Meet The Makers: WIOUX

Posted by Drake General Store, March 12, 2015

Currently based out of Ottawa, Allyson graduated from the University of Guelph with a Bachelor of Fine Arts. It wasn’t until the end of her studies that she started to find her focus drifting towards 3-dimensionality in particular, so she took her nimble fingers and the lap loom her sister got her for Christmas, and wove her way right onto Etsy. The rest is history.

Here she talks to us about the time and patience that goes into creating a successful weave; how she came to appreciate the textual elements of the art in the first place; and why in life, you shouldn’t always listen to your teachers. Meet Allyson, the creator behind WIOUX.

DGS: First thing’s first, what does WIOUX stand for? Is it an acronym for something?

AR: WIOUX was chosen initially as my Etsy shop name. I wanted something that, to me, was related to weaving without it being obvious. It's not an acronym, but sort of a “play on words”. WIOUX is pronounced "we-you", which came from something along the lines of "weaving for you".

WIOUX Wall Hanging 2

WIOUX Pastel Handwoven Wall Hanging, $200

DGS: You graduated from the University of Guelph with a Bachelor of Fine Arts. Do you have an era of art that you appreciate most?

AR: That's a tough question for me! I think I’ve always been most interested in Modern and Contemporary art, especially within my studies. Being that they are so recent (with some movements still ongoing), I find them the most applicable to my present day aesthetic taste.

DGS: How did you get into weaving? Was this something that was introduced to you in your studies?

AR: I became interested in weaving as early as November of 2013. I stumbled upon the work of MIMI JUNG of BROOK&LYN studio, and fell in love with the textural elements in her weaves. I was satisfied admiring from afar, but then, that Christmas my sister gave me a small lap loom, and I began to appreciate the craft in a completely different way. There is so much time and patience involved in producing a successful end result. If you don't have a successful design, the weave could be executed perfectly in technique and yet still be a failure! I was just experimenting for fun, when I decided to create a 4-weaving piece for a final drawing assignment in my final year of school.

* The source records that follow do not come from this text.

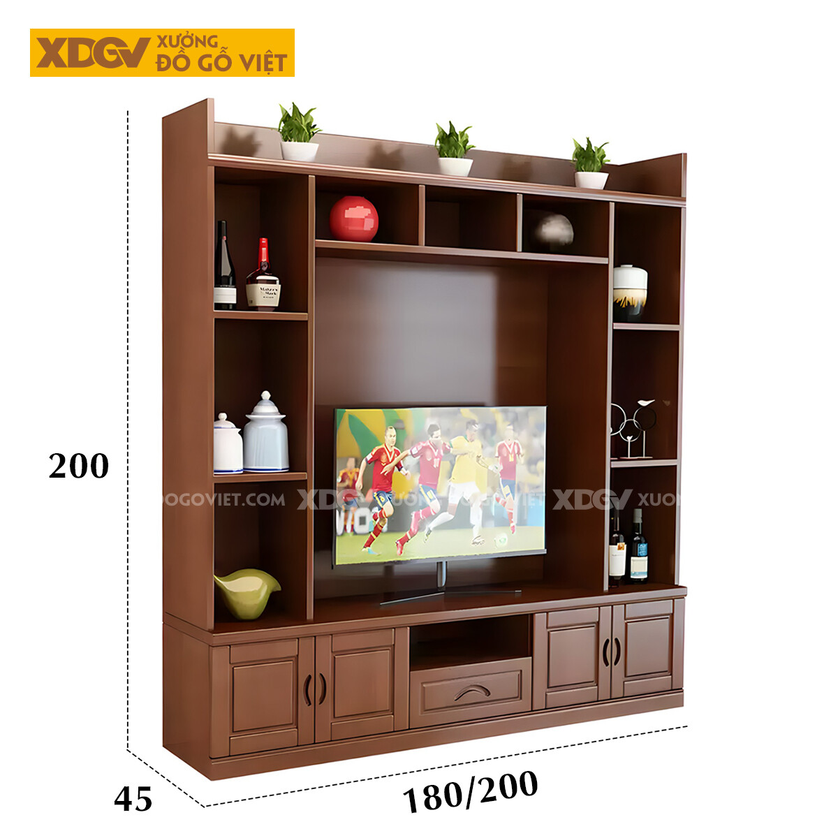 Mẫu Kệ Tivi Gỗ Sồi Mỹ Kết Hợp Tủ Nhiều Hộc Đựng Và Kệ Trên
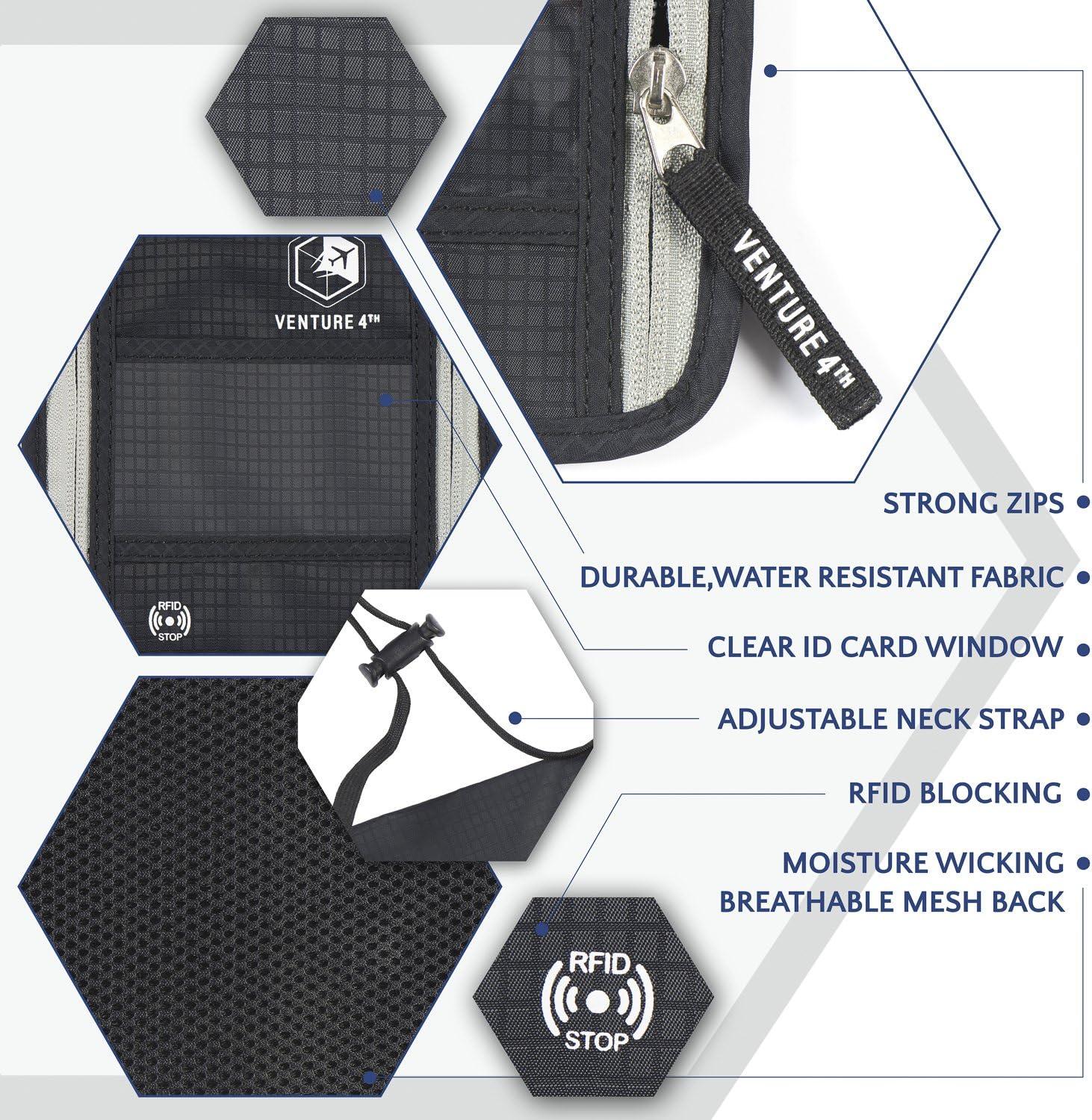 imageVENTURE 4TH Passport Holder Neck Wallet with RFID Blocking Nylon Lining  Hidden Neck Pouch for Travel Sleek BlackBlack
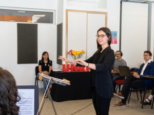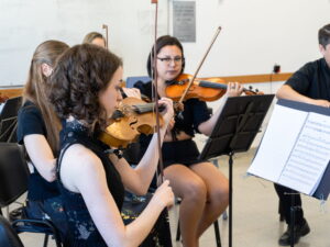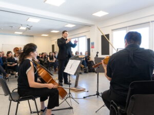 “En el concierto final participaron directores y directoras que vienen trabajando hace casi ya dos años, y también algunos de los y las instrumentistas que estuvieron participando de la diplomatura”, explicó Facundo Agudin que detalló que “se presentaron los trabajos de 5 directores de orquesta, de una violinista y un instrumentista de corno. Para el concierto se trabajó con un cuarteto de cuerdas más una pianista”.
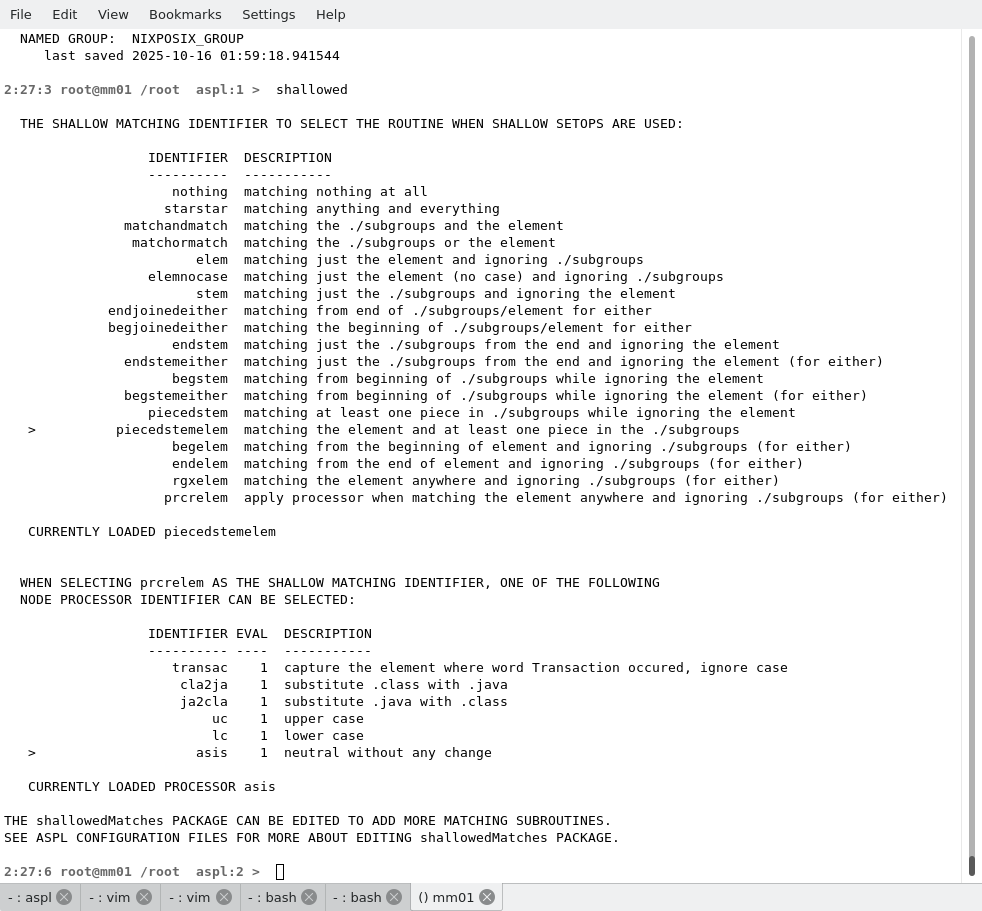 THE SHALLOW MATCHING IDENTIFIER TO SELECT THE ROUTINE WHEN SHALLOW SETOPS ARE USED: IDENTIFIER DESCRIPTION ---------- ----------- nothing matching nothing at all starstar matching anything and everything matchandmatch matching the ./subgroups and the element matchormatch matching the ./subgroups or the element elem matching just the element and ignoring ./subgroups elemnocase matching just the element (no case) and ignoring ./subgroups stem matching just the ./subgroups and ignoring the element endjoinedeither matching from end of ./subgroups/element for either begjoinedeither matching the beginning of ./subgroups/element for either endstem matching just the ./subgroups from the end and ignoring the element endstemeither matching just the ./subgroups from the end and ignoring the element (for either) begstem matching from beginning of ./subgroups while ignoring the element begstemeither matching from beginning of ./subgroups while ignoring the element (for either) piecedstem matching at least one piece in ./subgroups while ignoring the element > piecedstemelem matching the element and at least one piece in the ./subgroups begelem matching from the beginning of element and ignoring ./subgroups (for either) endelem matching from the end of element and ignoring ./subgroups (for either) rgxelem matching the element anywhere and ignoring ./subgroups (for either) prcrelem apply processor when matching the element anywhere and ignoring ./subgroups (for either) CURRENTLY LOADED piecedstemelem WHEN SELECTING prcrelem AS THE SHALLOW MATCHING IDENTIFIER, ONE OF THE FOLLOWING NODE PROCESSOR IDENTIFIER CAN BE SELECTED: IDENTIFIER EVAL DESCRIPTION ---------- ---- ----------- transac 1 capture the element where word Transaction occured, ignore case cla2ja 1 substitute .class with .java ja2cla 1 substitute .java with .class uc 1 upper case lc 1 lower case > asis 1 neutral without any change CURRENTLY LOADED PROCESSOR asis THE shallowedMatches PACKAGE CAN BE EDITED TO ADD MORE MATCHING SUBROUTINES. SEE ASPL CONFIGURATION FILES FOR MORE ABOUT EDITING shallowedMatches PACKAGE.

I know what you're thinking; a weaving is not a drawing. My instructor felt the same way and, well, my critique was not exactly positive (ha ha!). But my peers at school expressed an interest in owning one of my weavings, and after that I decided to open an Etsy shop and “have a go” at creating weaves for other weave lovers out the

WIOUX Wall Hanging

WIOUX Handwoven Wall Hanging, $200

DGS: What do you reference for inspiration?

AR: Everything! Lately I’ve been trying to push myself outside of my comfort zone. I'm currently focusing on producing "mini" weavings, as they allow me a quick end-result, which I can learn from. I don't necessarily “seek out” weave inspiration, I typically stick to colour schemes that appeal to my own tastes. As for the design, I may see a line somewhere and like the curve, and then I’ll try to reproduce it in a weaving. I actually try to stay away from others' work online when creating something new. I appreciate the value of being an active weaver in the weaving community, and while I know there is nothing new under the sun, I try to limit the chances of being influenced by someone else's weaving.

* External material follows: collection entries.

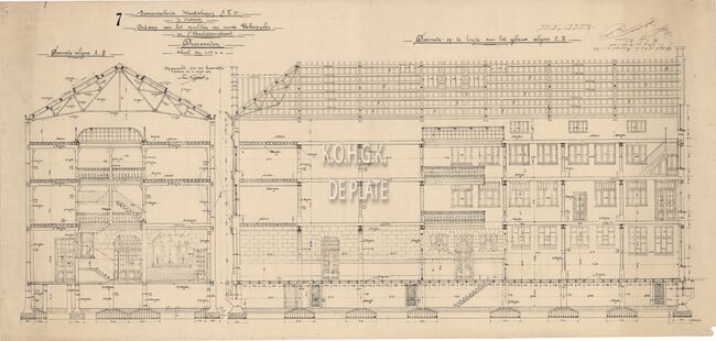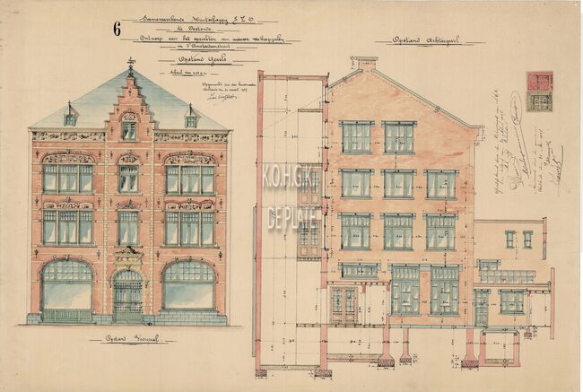 Opstand voorgevel en achtergevel. Gekleurd. In dit gebouw waren de magazijnen : nr.12 : Beenhouwerij ; nr.13 : Stoven ; nr.14 : Groenten ; nr. 15 : Gleiswaren en nr.16 : Meubels.
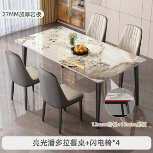 岩板餐桌轻奢现代简约家用小户型简易客厅饭桌子长方形餐桌椅组合
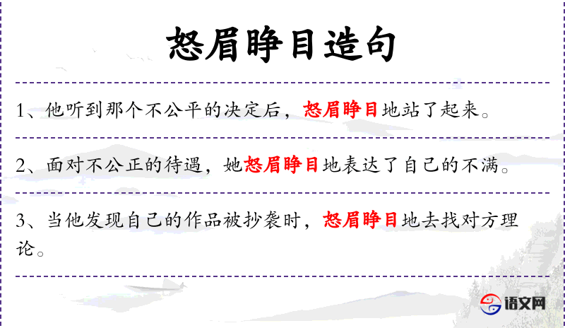 句子:“警察看到有人违法,怒眉睁目地走上前去制止。”
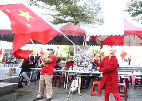 “中华爱国同心会”中午在民进党中央党部前不断挥舞五星红旗抗议。(图片来源:视频截图)
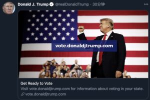 《摩登时讯》整理新闻时,大约太平洋时间中午12点左右,特朗普在他的推特分享了准备投票的网页。
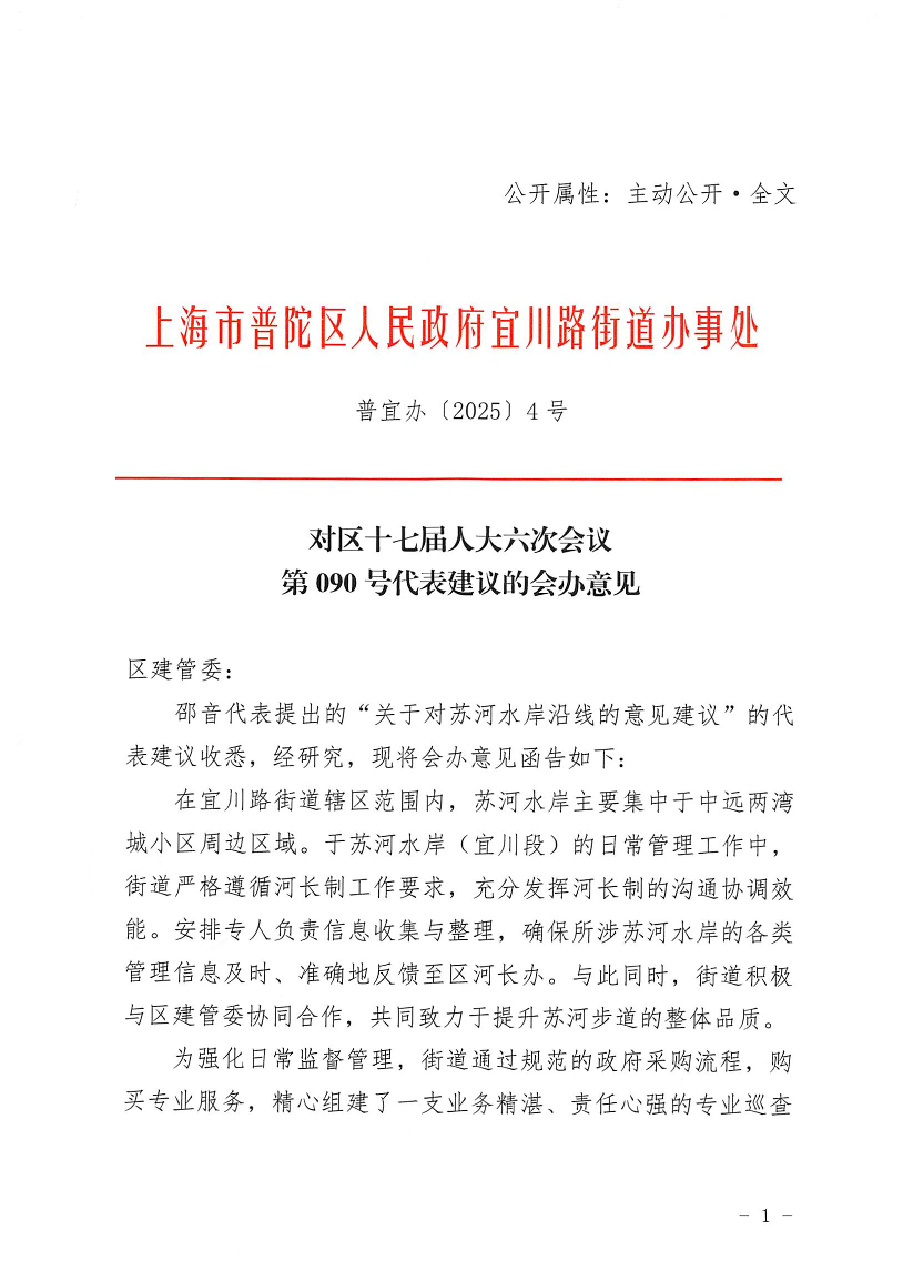 邵音代表提出的“关于对苏河水岸沿线的意见建议”的代表建议收悉,经研究,现将会办意见函告如下:
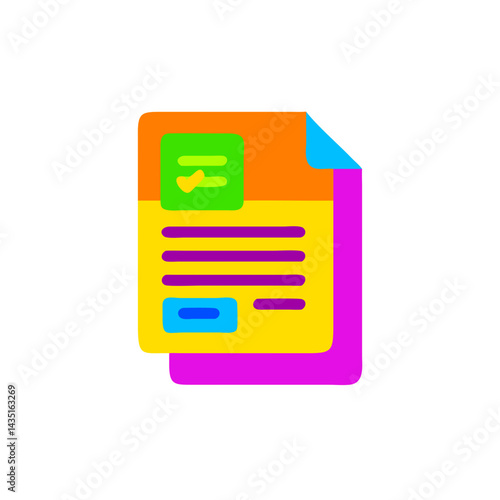 Colorful document icon with checkmark and text elements
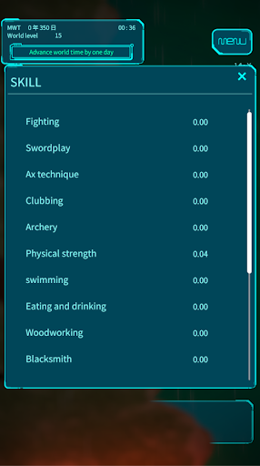 Numerous skills including fighting, crafting, gathering, swimming, eating, etc.
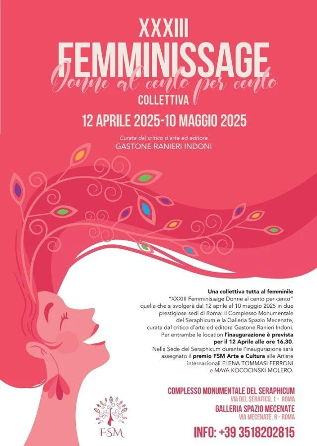 Una collettiva tutta al femminile “XXXIII Femminissage Donne al cento per cento” quella che si svolgerà dal 12 aprile al 10 maggio 2025 in due prestigiose sedi di Roma: il Complesso Monumentale del Seraphicum a Via del Serafico all’Eur e alla Galleria Spazio Mecenate, a Via Mecenate 8, curate dal critico d’arte ed editore Gastone Ranieri Indoni.

DGS: You primarily work with wool, cotton, silk and synthetic yarns. Where do you find the materials for your weaves? Do you source them from somewhere in particular? Or are you constantly finding and collecting textiles as you go along?

AR: I source most of my materials from local yarn shops, and sometimes, if I’m lucky, I find vintage yarns at thrift stores.

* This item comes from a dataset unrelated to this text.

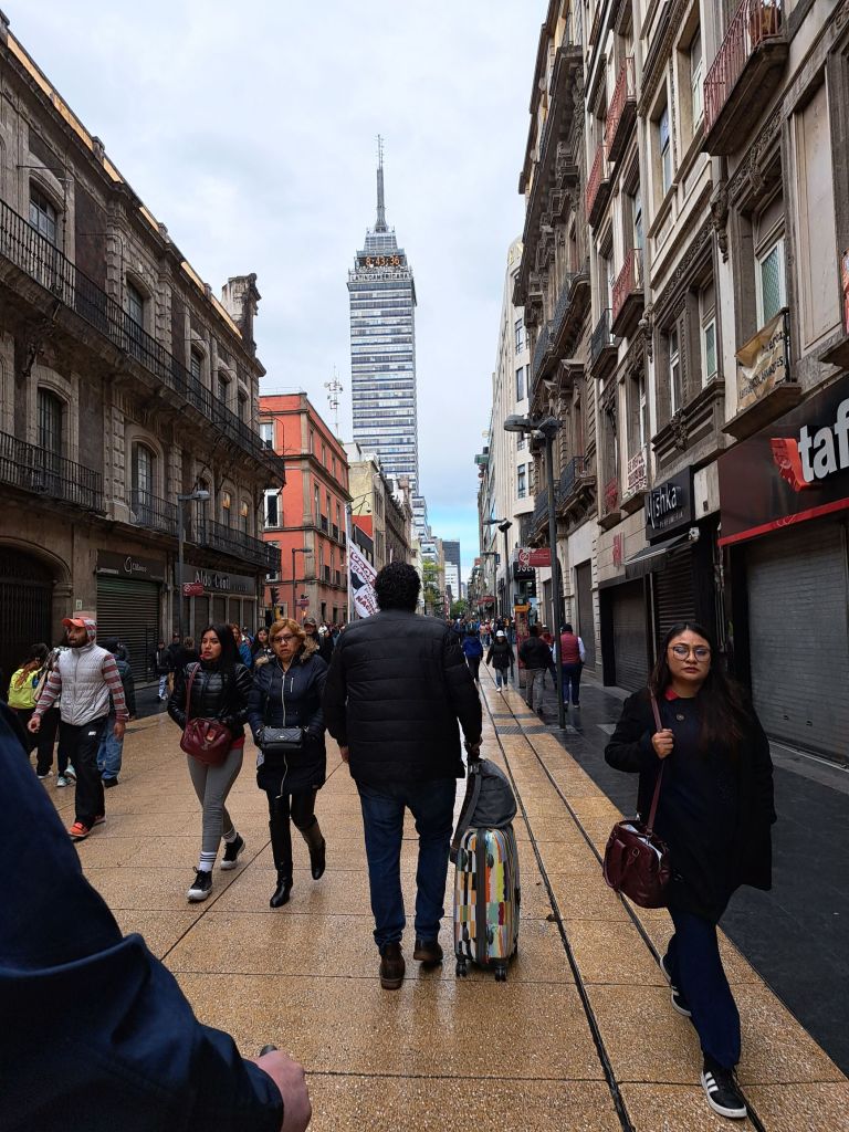 Evelyn hatte uns den Tip gegeben auf den Lateinamerika Turm zu fahren, dort gebe es eine schöne Aussichtsplattform. Ich fand ihn vor 2 Tagen schon sehr schief aber sie meinte, er hat alle beiden großen Erdbeben überstanden und wird nicht umfallen. Das mulmige Gefühl bleibt und als wir die Schlange an der Eintrittskasse sehen, beschließen wir dem mulmigen Gefühl zu folgen und nicht hochzufahren. Stattdessen gibt es noch etwas Leckeres zu essen ( wir freuen uns immer, wenn das bestellte Essen schmeckt, weil keiner Englisch versteht und der Übersetzer nur mit Wifi funktioniert) und dann geht es durch den Menschendschungel zurück ins Hotel und ins Bett, endlich schlafen.
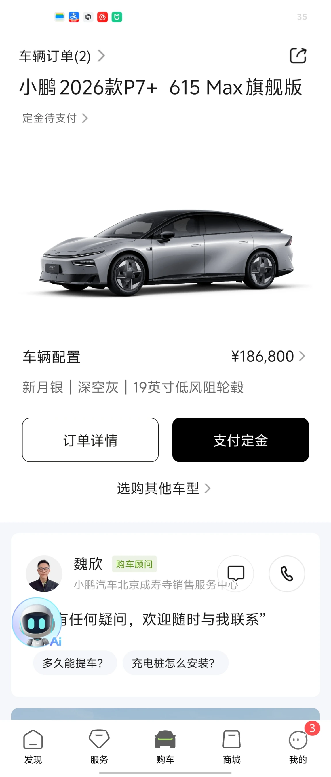 从大定到提车仅仅用了1周时间,第一眼被外观吸引进去发现他的二排空间也是很大,不输其他suv的舒适程度,车长5米一开始担心他的驾驶不便但是试驾过后就完全打消了这个顾虑,开起来特别方便,不会有什么笨重的感觉,期待后续的使用

DGS: Currently, what are you listening to while you "work"?

AR: I actually don't listen to music a whole lot when I weave! I typically prefer having Netflix playing off to the side (which has allowed me to blast through nine seasons of Friends in under a week).

DGS: What do you enjoy doing when not creating?

AR: I’m still in hibernation mode, so I spend most of my nights and otherwise free time weaving, because I like seeing progress. I wish I had more free time to weave! I'm relatively new to Ottawa, and I want to be more active in the arts community here, but I’m finding it tricky with the time of year. I'll be less of a recluse once the warmer weather sticks, and then I can really get to know what this city has to offer.